MyBB Community Forums

Full Version: RegEx problems
You're currently viewing a stripped down version of our content. View the full version with proper formatting.
So I'm working on a plugin that finds URLs in posts and changes the link URL and the text of the link originally typed in as well, but I've run into a few problems when using the "parse_message_end" hook, and with my current RegEx code.

Typing in www.google.com or http://www.google.com returns this:
mysite.com/page.php?url=http://www.google.com" target="_blank
which is almost right, but obviously I don't want the last quotation and the whole target= etc...

Basically I just need it to cut off the last quotation mark and the whole target=_blank code. Also I need it to actually be linked, not just plaintext, which it is currently. Any solution ideas? I'm assuming the problem is in my RegEx find code, which is:
'/<a href=\"((https?|ftps?):\/\/(.*?))\">(.*?)<\/a>/is'

Thanks
your code is really hard to read. I think this is much easier (and technically identical):
#<a href="((https?|ftps?)://(.*?)">(.*?)</a>#is

didn't try it, but you can replace the . with [^"] (=anything but quote).
#<a href="((https?|ftps?)://([^"]*?)">(.*?)</a>#is
(2011-10-09, 04:40 PM)patrick Wrote: [ -> ]your code is really hard to read. I think this is much easier (and technically identical):
#<a href="((https?|ftps?)://(.*?)">(.*?)</a>#is

didn't try it, but you can replace the . with [^"] (=anything but quote).
#<a href="((https?|ftps?)://([^"]*?)">(.*?)</a>#is

Thanks for the attempt, but neither worked Sad. The first one gave me the same problem, the second didn't do anything at all.

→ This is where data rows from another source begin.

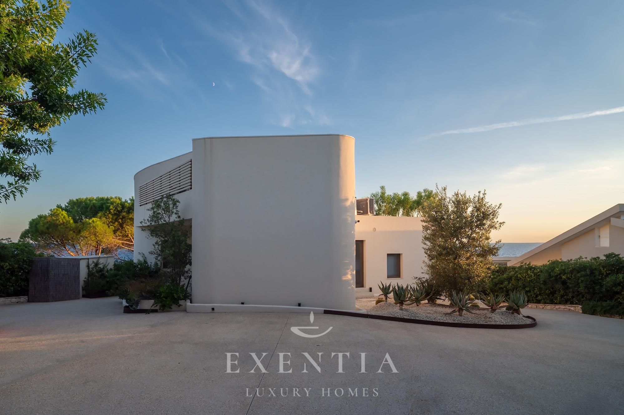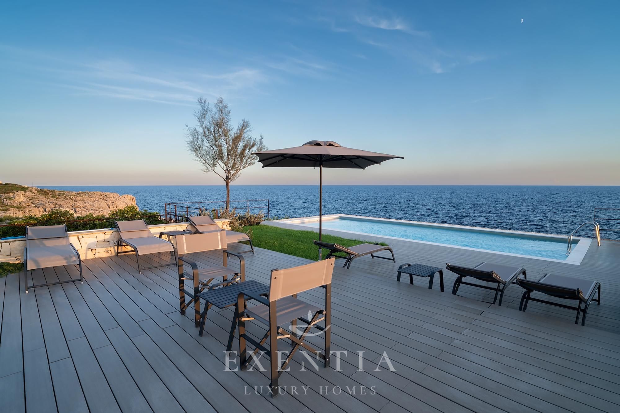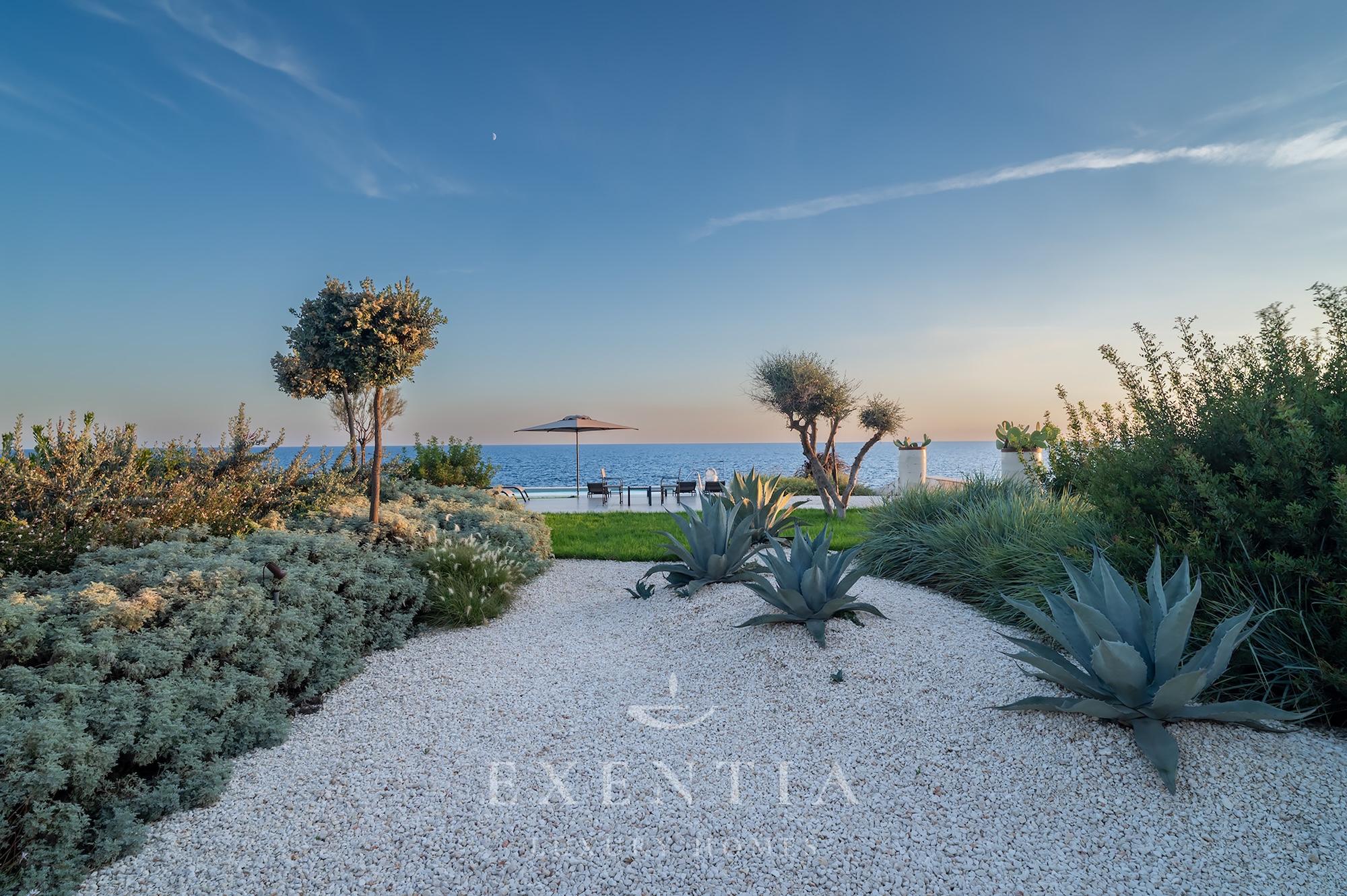 Outdoors, an infinity pool merges seamlessly with the horizon, suspended between sky and sea. Around it, a garden of aromatic essences — thyme, mastic, coastal lavender — accompanies the slow rhythm of the days.
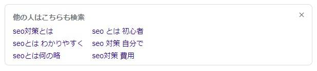 例えば「SEO対策」と検索し、特定のページをクリックした後にすぐにGoogleへ戻ると、以下のような「他の人はこちらも検索」というボックスが表示されます。
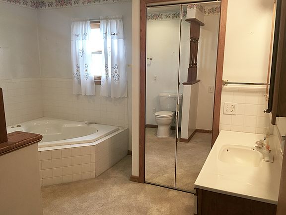Home sits on a corner lot. 1232 sq.ft. 2 bedroom home w/large kitchen/dining area, large living area, 1 1/2 baths. Finished basement w/large living area and wood burning stove, also features the possibility of 2 more bedrooms and a bathroom. Features also a 2 car attached garage. The highlight of the property comes with a 27' x45' wood structured heated and insulated building w/full concrete floor and floor drain, would make very nice shop/storage shed. Also has underground sprinkler system.
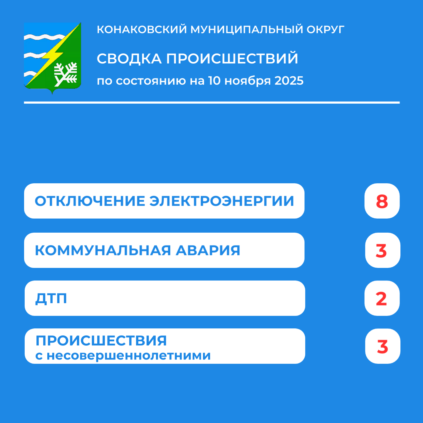 По информации Единой дежурной диспетчерской службы Конаковского муниципального округа, за период с 3 по 9 ноября 2025 года в округе произошло 9 аварийных отключений электроэнергии, 3 аварии на объектах ЖКХ, 2 дорожно-транспортных происшествия и 3 происшествия с несовершеннолетними.
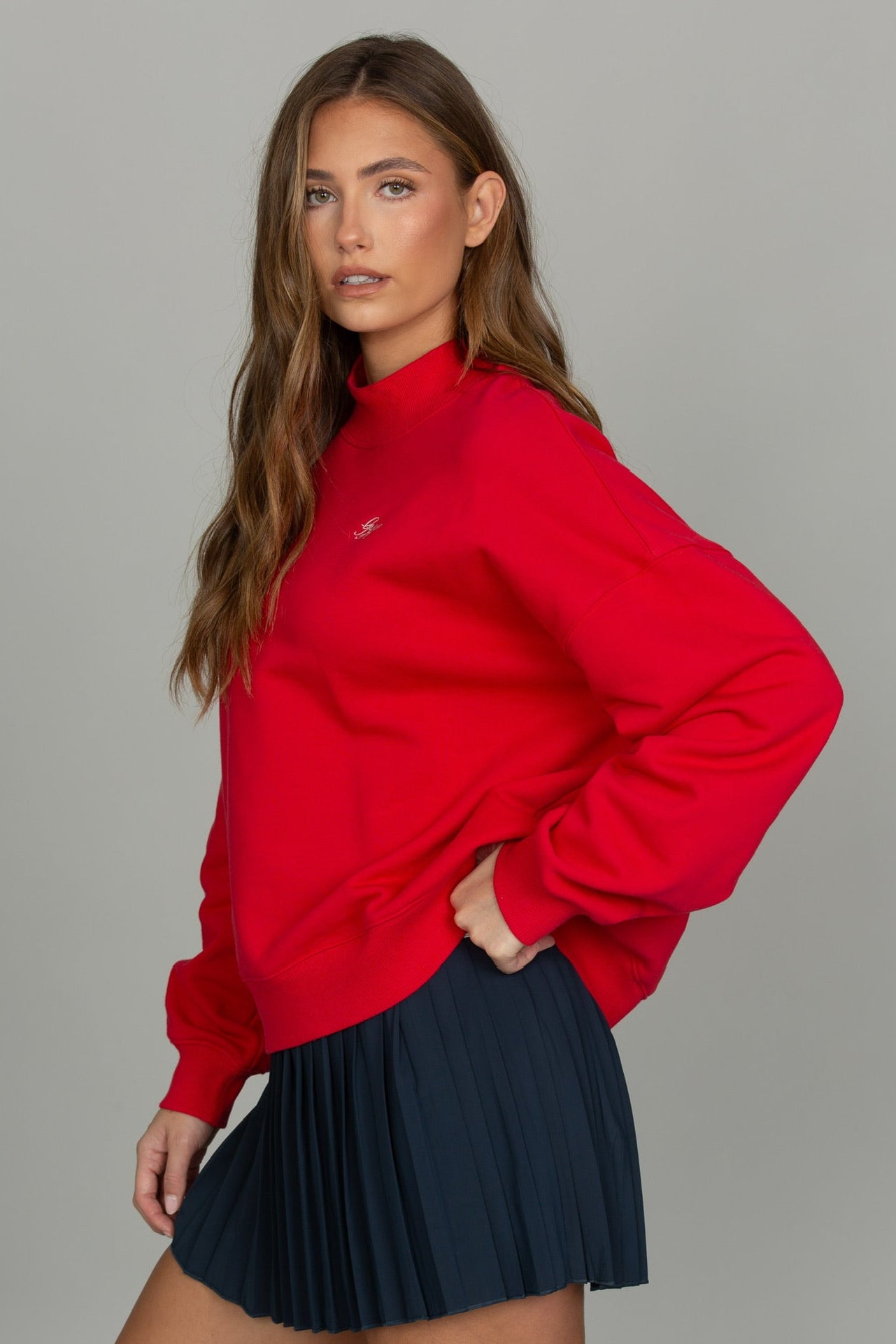 Bright Ruby Prep Mock Neck
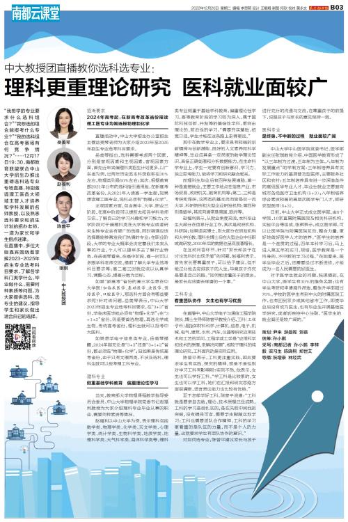 “我想学的专业要求什么选科组合?”“我想选的组合能报考什么专业?”“我的选科组合在高考赛场有何竞争情况?”……12月17日19:30,南都教育联盟联合中山大学招生办推出重磅选科选专业专场直播,特别
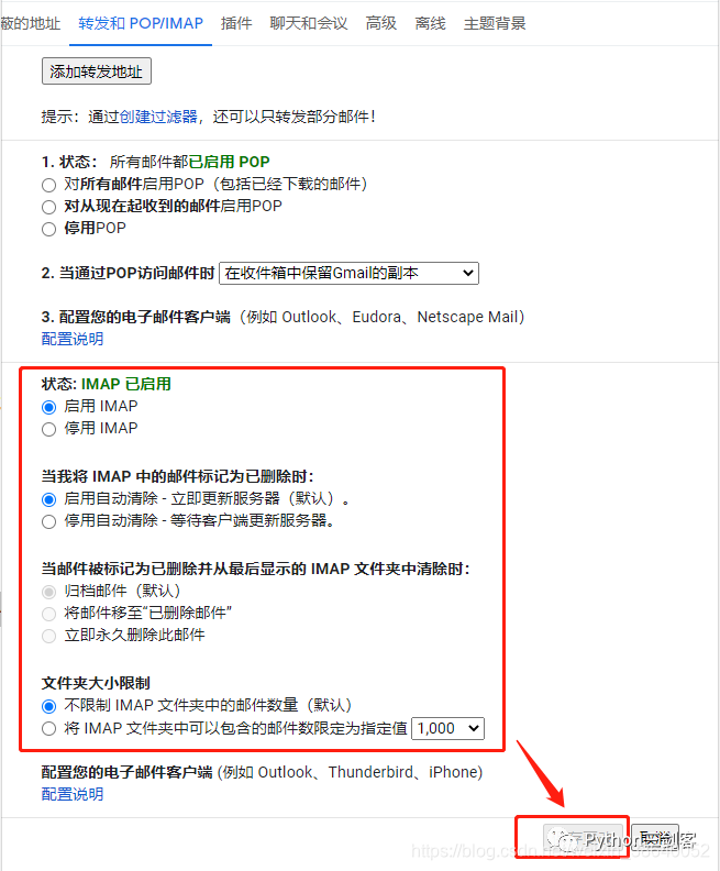4、启动IMAP功能 【根据下图设置 -> 保存更改】
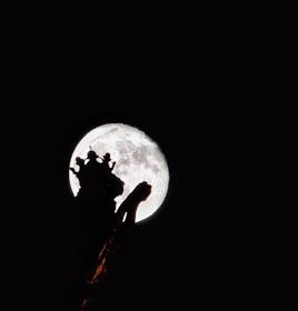 Жанровая фотография. Силуэт на фоне полной луны.
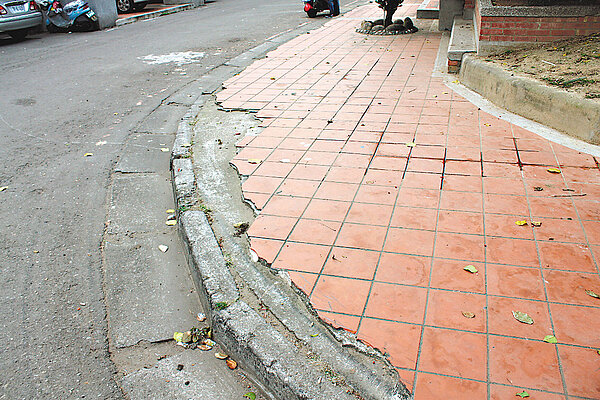 頭份鎮地標公園髒亂不堪,許多地磚因違規停車破損。(圖/蘇木春攝)
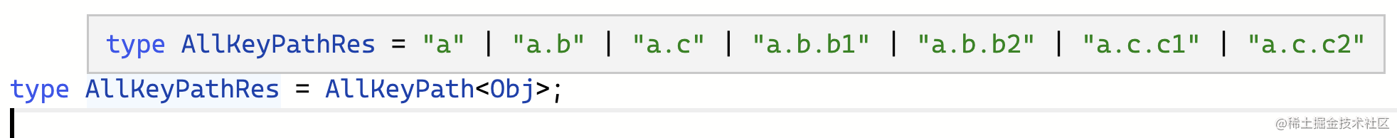 之后实现了 AllKeyPath 的类型,通过映射类型遍历 Key,用它来递归构造不同的 Path,最后取 value,就是结果。
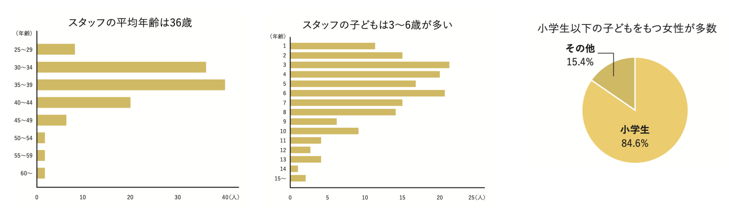 従業員の約130名中、9割以上が子育て中の女性です。子育てと仕事の両立をできる仕組みと環境を整えています。
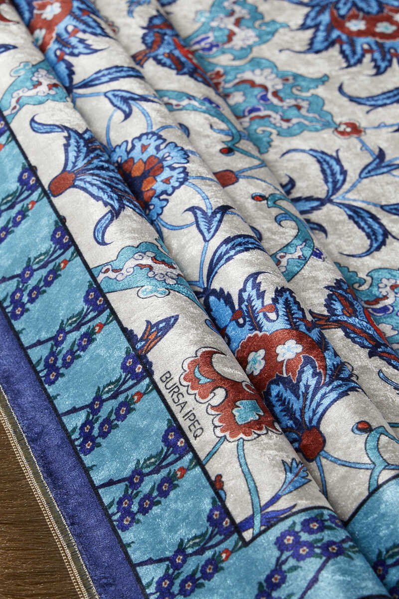عزز ديكور منزلك بجمال Bursa Ipek – اطلب الآن سجادة صلاة من المخمل الأزرق الداكن!
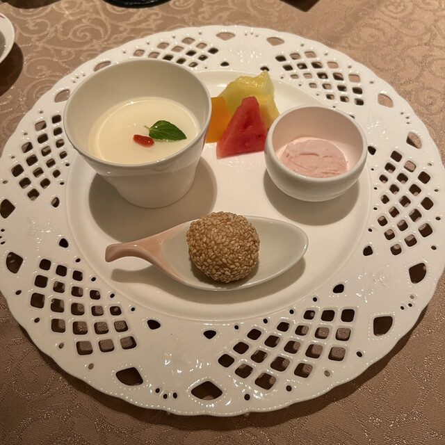杏仁豆腐や胡麻団子など中華デザートで最後は〆。
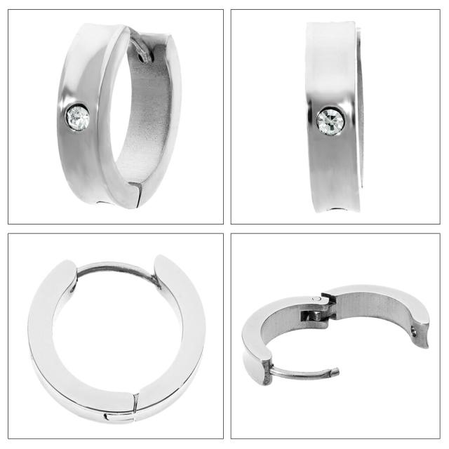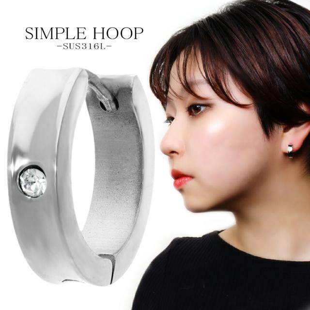 シルバーカラーに一粒のジルコニアを留めた、シンプルで高級感のあるステンレスフープピアス。
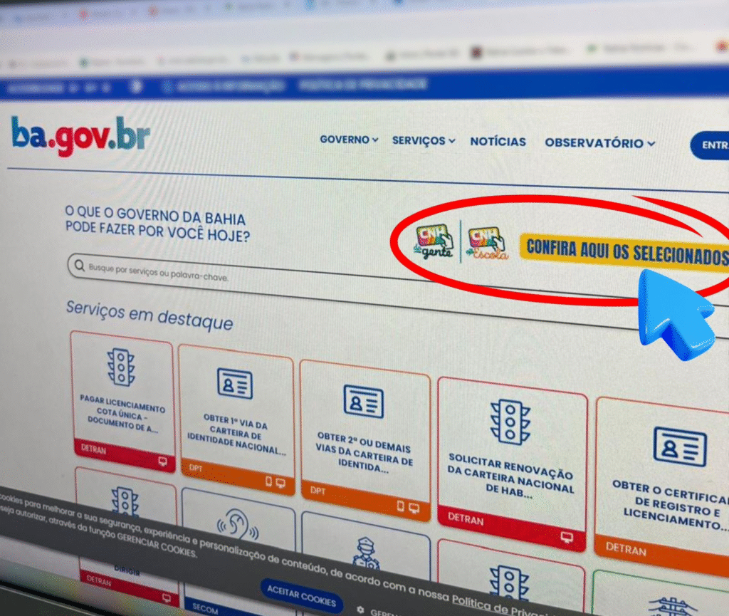 Já estão disponíveis as listas dos selecionados nos programas CNH da Gente e CNH na Escola. Para consulta, o candidato deve acessar o portal BA.GOV.BR (ba.gov.br/comunicacao/cnhdagente/resultado). O Governo do Estado, através do Departamento Estadual de Trânsito (Detran-BA) disponibilizou 12 mil vagas – sendo duas mil para estudantes do ensino médio da rede pública estadual, cinco mil vagas destinadas a estudantes 18+ inscritos no programa Bolsa Presença, mil vagas destinadas a jovens atendidos pelo programa Bahia pela Paz, 50 vagas para atendimento às famílias vítimas da explosão na fábrica de fogos em Santo Antônio de Jesus, além de 3.950 vagas para a população cadastrada no CadÚnico.

Also both pieces of code have an extra parenthesis after href=".
you're right about the parenthesis Blush

The reason the 2nd one doesn't work, is because it stops at target=

try this:
#<a href="((https?|ftps?)://([^"]*?)).*?>(.*?)</a>#is
(2011-10-09, 07:02 PM)patrick Wrote: [ -> ]you're right about the parenthesis Blush

The reason the 2nd one doesn't work, is because it stops at target=

try this:
#<a href="((https?|ftps?)://([^"]*?)).*?>(.*?)</a>#is

Using that I now get
http://mysite.com/page.php?url=http://
when I enter http://www.google.com
my mistake. It should be greedy. You have to leave out the ?
#<a href="((https?|ftps?)://([^"]*)).*?>(.*?)</a>#is

this should work as well:
#<a href="((https?|ftps?)://(.*?))".*?>(.*?)</a>#is
the .*? after " is what makes you catch without getting the target=_blank
(2011-10-09, 08:17 PM)patrick Wrote: [ -> ]my mistake. It should be greedy. You have to leave out the ?
#<a href="((https?|ftps?)://([^"]*)).*?>(.*?)</a>#is

this should work as well:
#<a href="((https?|ftps?)://(.*?))".*?>(.*?)</a>#is
the .*? after " is what makes you catch without getting the target=_blank

Awesome! The first one worked! Now, the next part of my problem now that that's solved, is actually making that text a URL; right now it's just plaintext. What I need it to do is be basically
[url=http://mysite.com/page.php?url=http://originalremovedURL.com]http://originalremovedURL.com[/url]
I've tried adding in the url tags manually, but they just show up as plaintext as well, instead of actually turning the text into a URL.

How would I go about doing all that? (again thanks for helping, my RegEx skills are nonexistent Sad)
What are you trying to do? You might not even need regex.
so basically you want:
$text = str_replace('<a href="http://', '<a href="http://mysite.com?http://', $text)
$text = str_replace('<a href="ftp://', '<a href="http://mysite.com?ftp://', $text);

that's much, much, MUCH faster than using regex (never benchmarked on PHP, but using C# the difference is huge).